FIG. 3 is a graph showing the results of VWF-mediated apoptosis of FVIII induced by stimulation of autophagy, wherein panel A shows the results of apoptotic protein expression after FVIII treatment and panel B shows the results of expression of autophagy protein and vWF after FVIII treatment.
FIG. 4 is a result of mitochondrial damage after FVIII treatment, wherein Panel A shows the results of mitochondrial ROS changes in cells after FVIII treatment, curves (a) and (B) show the results of mitochondrial ROS changes in cells after FVIII treatment with 0U/mL and 4U/mL, respectively, and Panel B shows the results of membrane potential detection of mitochondria with JC-1 after FVIII treatment.
Figure 5 is the results of cell streaking experiments after FVIII and FIX treatments.
FIG. 6 is a graph showing the results of inhibition of tumor growth and migration by FVIII in vivo, wherein (A) is a photograph showing the morphology of tumors after FVIII treatment, (B) is a graph showing the results of quantification of tumor weight, and (C) is a graph showing the results of lung metastatic nodules.
Detailed Description
The following examples further illustrate the use of the blood coagulation factors of the present invention in the preparation of anti-tumor drugs.
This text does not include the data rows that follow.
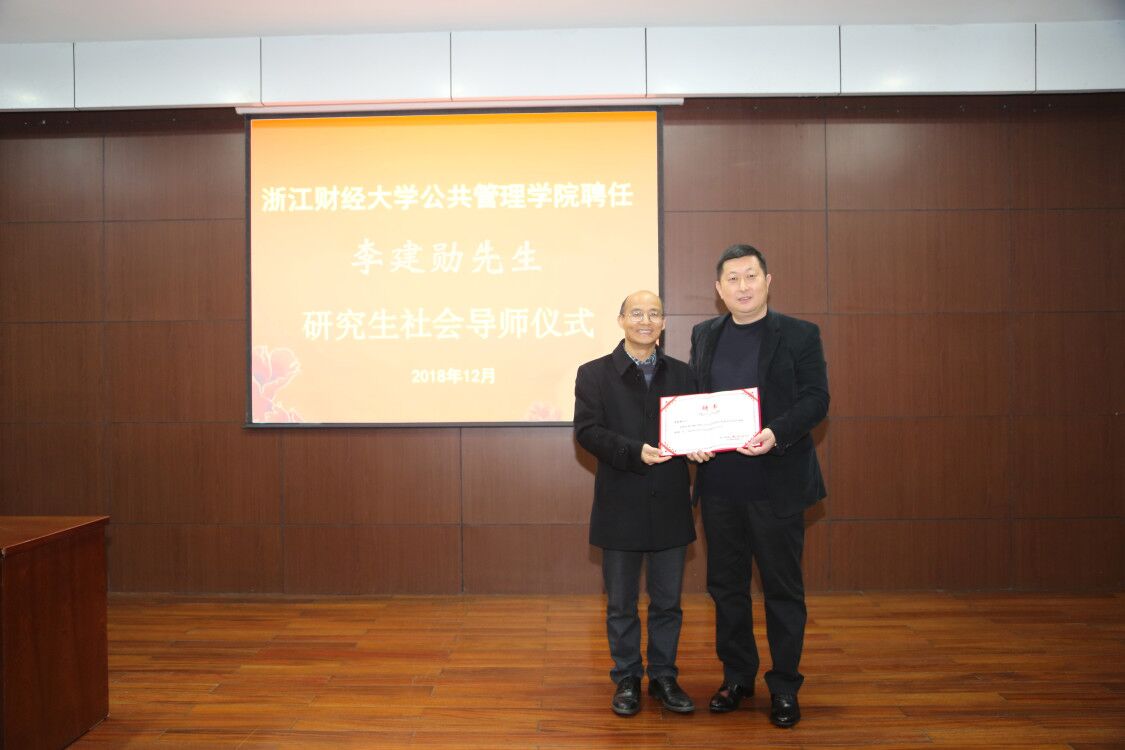 12月11日,根据av大平台 产学研战略协作的推进要求,胶州市综合行政执法局李建勋局长因其在城市管理方面的深入研究和智慧平台搭建方面的优异成绩,被av大平台 聘任为av大平台 研究生社会导师,由郭剑鸣院长颁发聘书。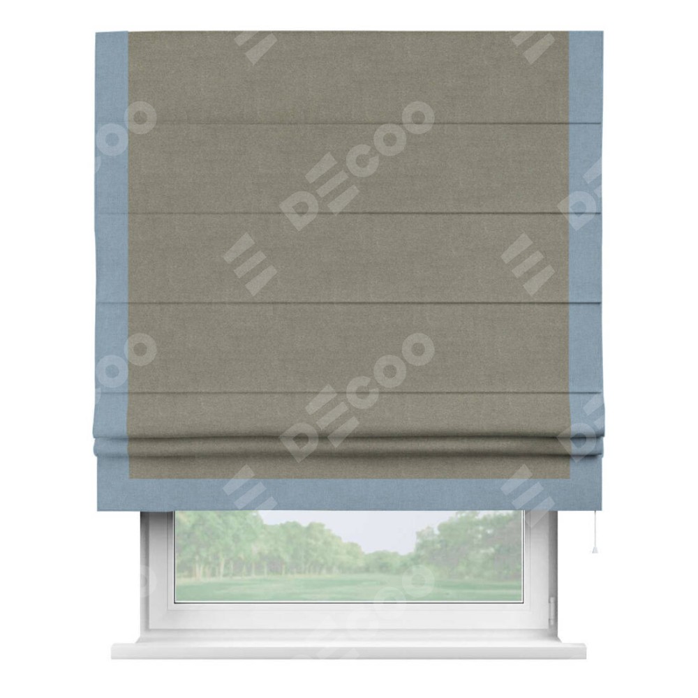 Римская штора производителя «Cortin», используется для проёма, пошита из ткани лён блэкаут шампань, артикул 69449. Отделка шторы кантом «Виктория», ткань для канта используется из льна разной расцветки на выбор. Имеет универсальный механизм и подходит для монтажа: на потолок, на стену и в нишу.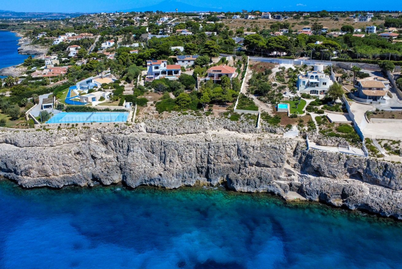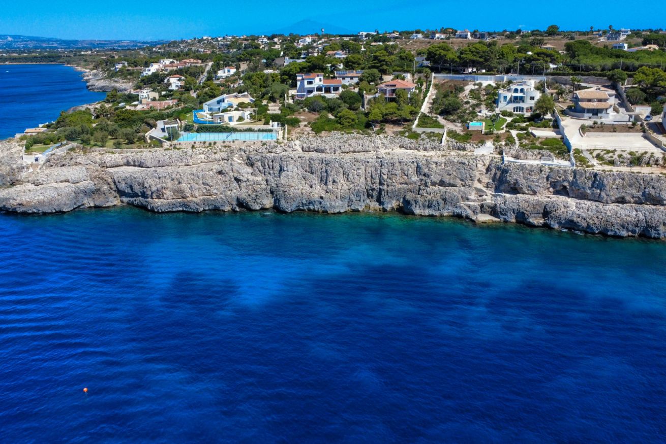 Affacciata sulla stupenda scogliera della Riserva Naturale del Plemmirio, nei pressi di Siracusa, questa splendida villa fronte mare è un rifugio ideale dove macchia mediterranea e mare cristallino si fondono armoniosamente. La proprietà conserva una suggestiva grotta naturale, una veranda con vista sul mare e una piscina a sfioro che sembra unirsi all’orizzonte. Questo angolo di paradiso è il luogo perfetto dove godersi il fascino dei tramonti siciliani a contatto col mare e in piena privacy.

The following examples are intended to be illustrative only and should not be construed as limiting the scope of the invention, which is intended to be covered by the appended claims.
Example 1
In this example, FVIII and FIX were evaluated for efficacy in vitro.
1. After incubation with different concentrations of FVIII or FIX (specifically 0, 0.25, 0.5, 1, 2, 4U/mL) for 24h with mouse melanoma cells B16F10, human melanoma cells A375, mouse colon cancer cells C26 and human breast cancer cells MCF-7, MTT examined the effect of FVIII and FIX on the viability of the different cells.
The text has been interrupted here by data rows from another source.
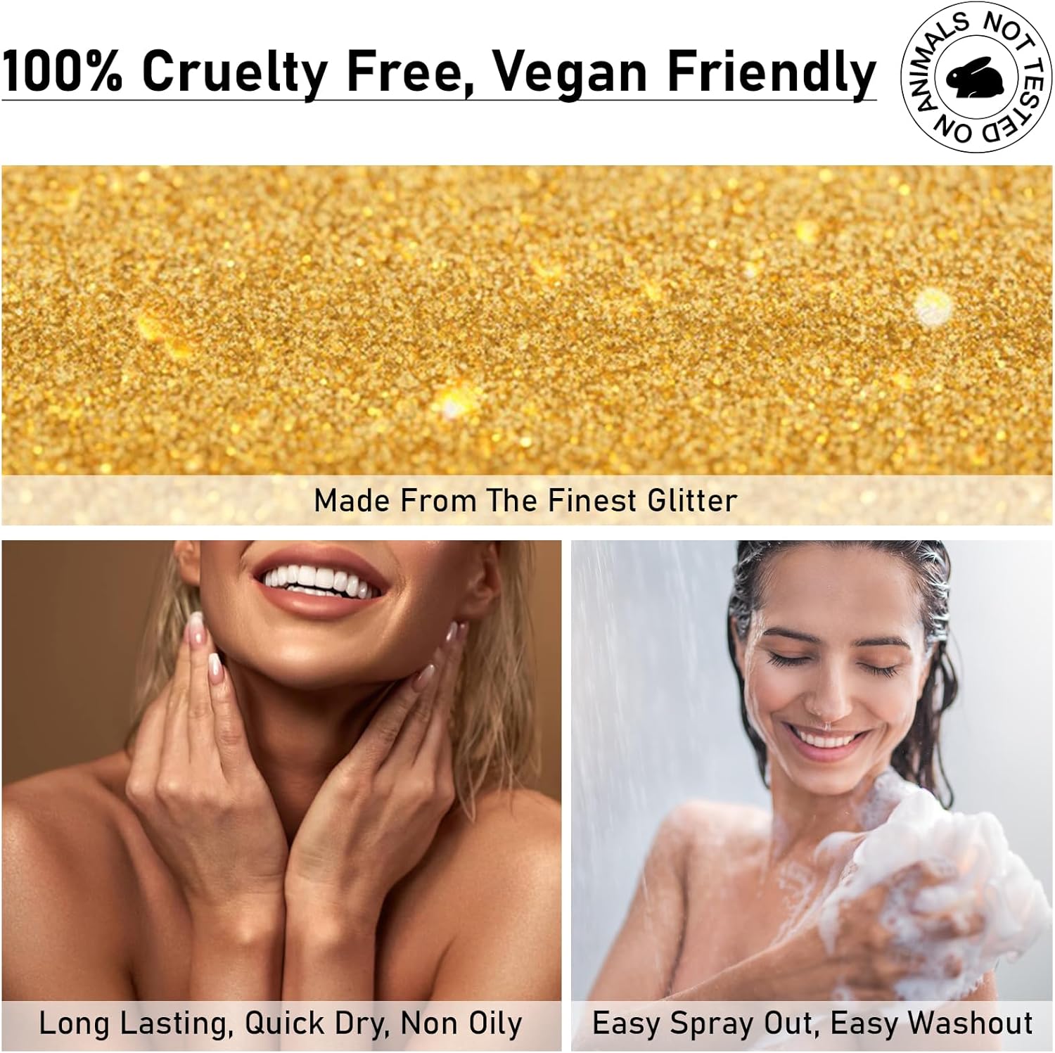 • Easy to Use: Shake well and evenly, hold the highlighter spray about 7-11 inches away from where you want the glitter to be, press the nozzle and spray evenly. Wait 60 seconds and then you'll have a long-lasting shimmering glow. Note: Gold glitter powder will precipitate at the bottom of the bottle after a long time, this is a normal phenomenon, shake well before use.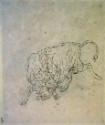Skip to main contentDescriptionBison in fighting position, rough sketch in graphite of same, verso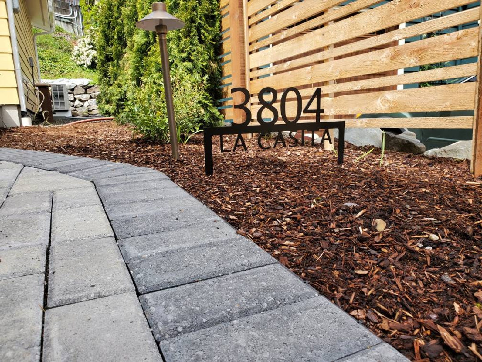 Custom metal personalized address sign/house numbers yard stake sign. Finished with highly durable exterior matte black powder coating. This address sign is made out of highly quality durable/sturdy 1/8 inch thick steel(12gauge). This gives the item a very sturdy feel. Item comes as shown in listing photos numbers and text is centered. Size is 15.5 inch tall by 22 inch wide.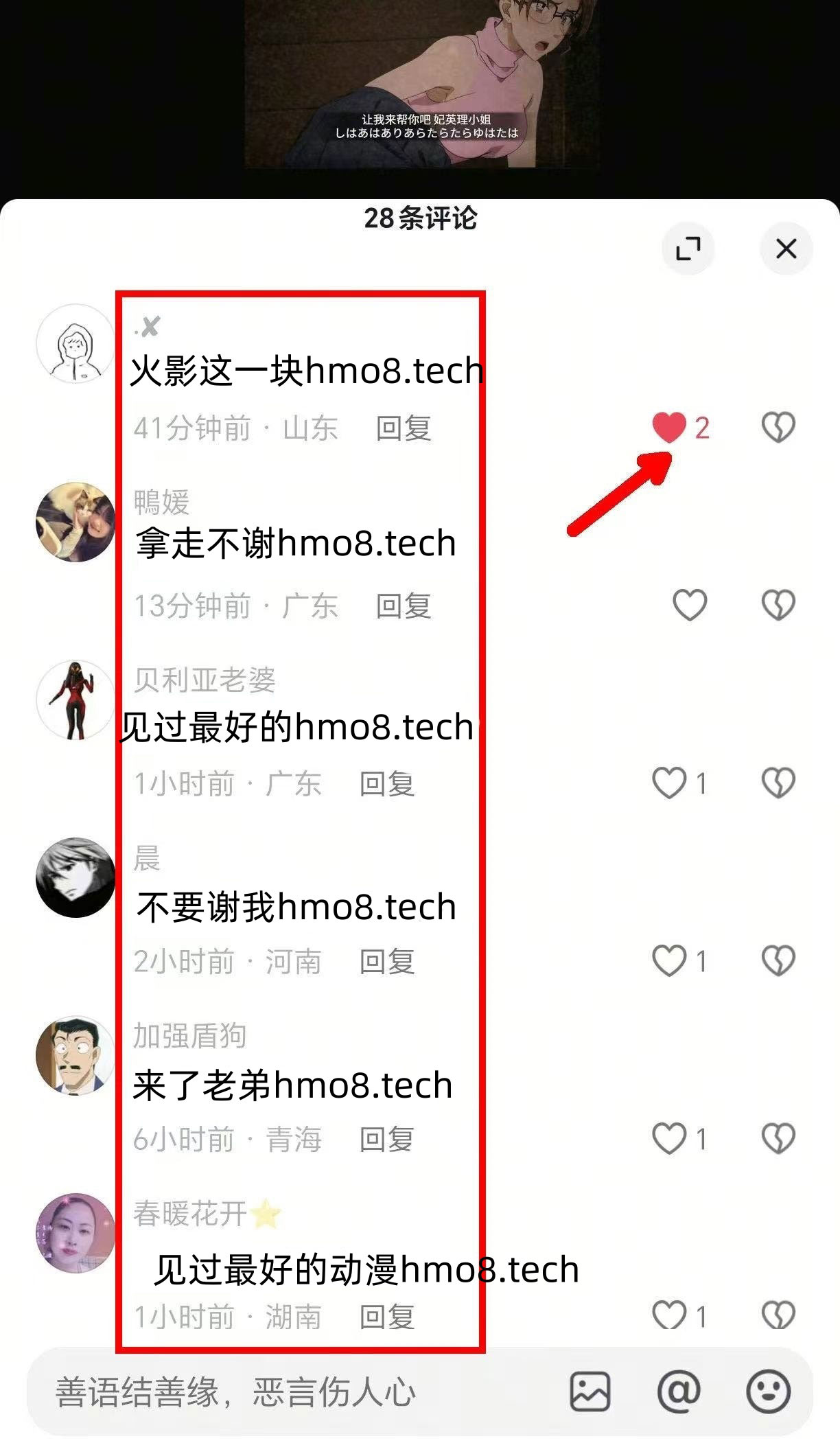 在每个视频下评论刚才复制的文案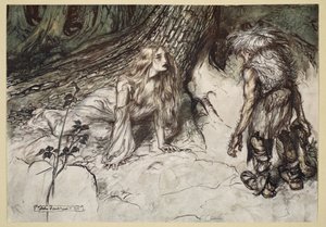 Schlafe du, und ich werde dich in meinen Armen wiegen, Illustration aus 'Ein Sommernachtstraum' von William Shakespeare, 1908(Sleep thou, and I will wind thee in my arms, illustration from 'Midsummer Nights Dream' by William Shakespeare, 1908 )Arthur Rackham |
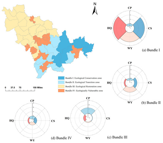 Bundle IV, comprising 28 districts/counties, covers 15.50% of the area and 42.37% of the population of Jilin Province. This bundle is located within the urban development centers of the province, boasting the highest population density (107,456 people/km2). It is the only cluster where all four types of ESs are in deficit, resulting in a high demand that significantly exceeds supply. This makes Bundle IV a deficit area for ESs in Jilin Province, necessitating support from adjacent regions’ ESFs.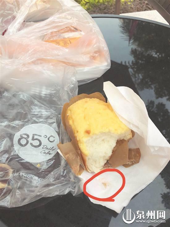 泉州网10月23日讯 (记者苏勇 文/图)“85度C面包吃到嘴里,感觉有异物,吐出来竟然是指甲!”昨日下午,市民吴女士拨打本社24小时热线96339反映了她的遭遇。她到面包店反映,店长未承认指甲来自该店的面包中,只答应给她退款。因协商未果,她向相关部门进行了投诉。
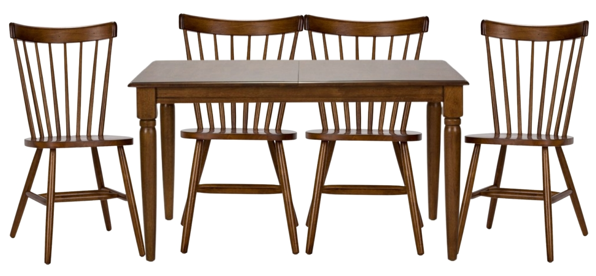 Be distinctively different with the Creations II five-piece butterfly leaf set. Crafted of rubberwood solids, this set features a tobacco finish and consists of the butterfly leaf leg table and four Copenhagen side chairs. The table features a 12” butterfly leaf that is anchored by turned legs.Read More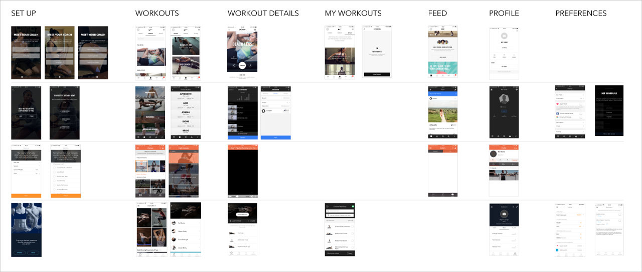 機能ごとに整理する優れた方法は、写真やスクリーンショットをユーザージャーニーの段階に合わせて図示することです。以下のモバイルフィットネスアプリの例を参照してください。プロダクトやサービスのユーザージャーニーを簡単に追うことができるように、それぞれの競合ごとに行を変えてください。

The results of FVIII and FIX inhibiting the cell viability of tumor cells A375, B16, C26 and MCF-7 are shown in FIG. 1. It can be seen from FIG. 1 that FVIII and FIX significantly inhibit the cell viability of tumor cells A375, B16, C26 and MCF-7.
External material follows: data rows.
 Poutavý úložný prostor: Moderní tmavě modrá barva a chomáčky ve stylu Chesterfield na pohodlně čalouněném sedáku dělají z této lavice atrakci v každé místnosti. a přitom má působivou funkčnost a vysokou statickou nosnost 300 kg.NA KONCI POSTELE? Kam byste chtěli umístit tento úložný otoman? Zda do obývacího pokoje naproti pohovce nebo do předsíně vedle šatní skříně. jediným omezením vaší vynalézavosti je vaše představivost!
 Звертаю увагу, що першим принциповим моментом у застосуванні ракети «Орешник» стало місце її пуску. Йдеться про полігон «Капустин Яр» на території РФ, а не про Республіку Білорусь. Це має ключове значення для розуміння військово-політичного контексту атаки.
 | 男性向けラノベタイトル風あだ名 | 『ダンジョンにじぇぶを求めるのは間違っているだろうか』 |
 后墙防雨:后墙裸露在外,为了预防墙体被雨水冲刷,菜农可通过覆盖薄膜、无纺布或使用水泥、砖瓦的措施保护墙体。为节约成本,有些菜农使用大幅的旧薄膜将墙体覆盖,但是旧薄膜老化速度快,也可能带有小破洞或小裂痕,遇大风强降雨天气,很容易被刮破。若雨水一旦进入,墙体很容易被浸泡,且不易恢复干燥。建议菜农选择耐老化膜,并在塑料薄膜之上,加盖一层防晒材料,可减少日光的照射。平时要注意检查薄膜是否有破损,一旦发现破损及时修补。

2. The method comprises the steps of adopting endothelial cell line HUVEC culture medium supernatant, treating the endothelial cell culture medium alone or with FVIII antibody, detecting the expression condition of a proliferation marker Ki67 in tumor cells through immunoblotting, and analyzing the condition that FVIII participates in paracrine regulation.
The results of the participation of FVIII in the endothelial paracrine regulatory tumor are shown in FIG. 2, and it can be seen from FIG. 2 that antibodies against FVIII abolish the expression of the cell proliferation antigen Ki67 that is inhibited by the epithelial cell culture medium.
3. After incubating human melanoma cells A375 with FVIII of different concentrations (specifically 0, 1, 2, 4U/mL) for 24h, total cell protein was extracted, and expression of apoptosis protein, autophagy-related protein and vWF was detected by immunoblotting.
FIG. 3 is a graph showing the results of VWF-mediated apoptosis of FVIII induced by challenge autophagy, wherein panel A shows the results of apoptotic protein expression after FVIII treatment, and panel B shows the results of autophagy protein and vWF expression after FVIII treatment.
4. FVIII with different concentrations (specifically 0 and 4U/mL) is incubated with human melanoma cells A375 for 24h, and then a mitochondrial membrane potential detection probe JC-1 and a mitochondrial ROS probe are used for detecting mitochondrial function changes in the cells, and the specific changes are observed by a fluorescence microscope.
FIG. 4 is the result of mitochondrial damage after FVIII treatment, where Panel A is the result of mitochondrial ROS changes in cells after FVIII treatment and Panel B is the result of membrane potential measurements of mitochondria with JC-1 after FVIII treatment.
As can be seen from fig. 3 and 4, FVIII can induce mitochondrial damage in tumor cells, activate autophagy and induce autophagy-related protein expression, thereby inducing vWF-mediated apoptosis.
5. The change in the migratory capacity of human melanoma cells a375 after incubation of FVIII and FIX with human melanoma cells a375 for 24h was assessed using a scratch assay.
The results of the cell scratch test after FVIII treatment are shown in Panel A of FIG. 5, the results of the cell scratch test after FIX treatment are shown in Panel B of FIG. 5, and the control group (Ctr) in Panel A and Panel B refers to the case where FVIII and FIX are not used. As can be seen in FIG. 5, FVIII and FIX inhibit tumor cell adhesion and migration.
Example 2
FVIII was evaluated for efficacy in vivo.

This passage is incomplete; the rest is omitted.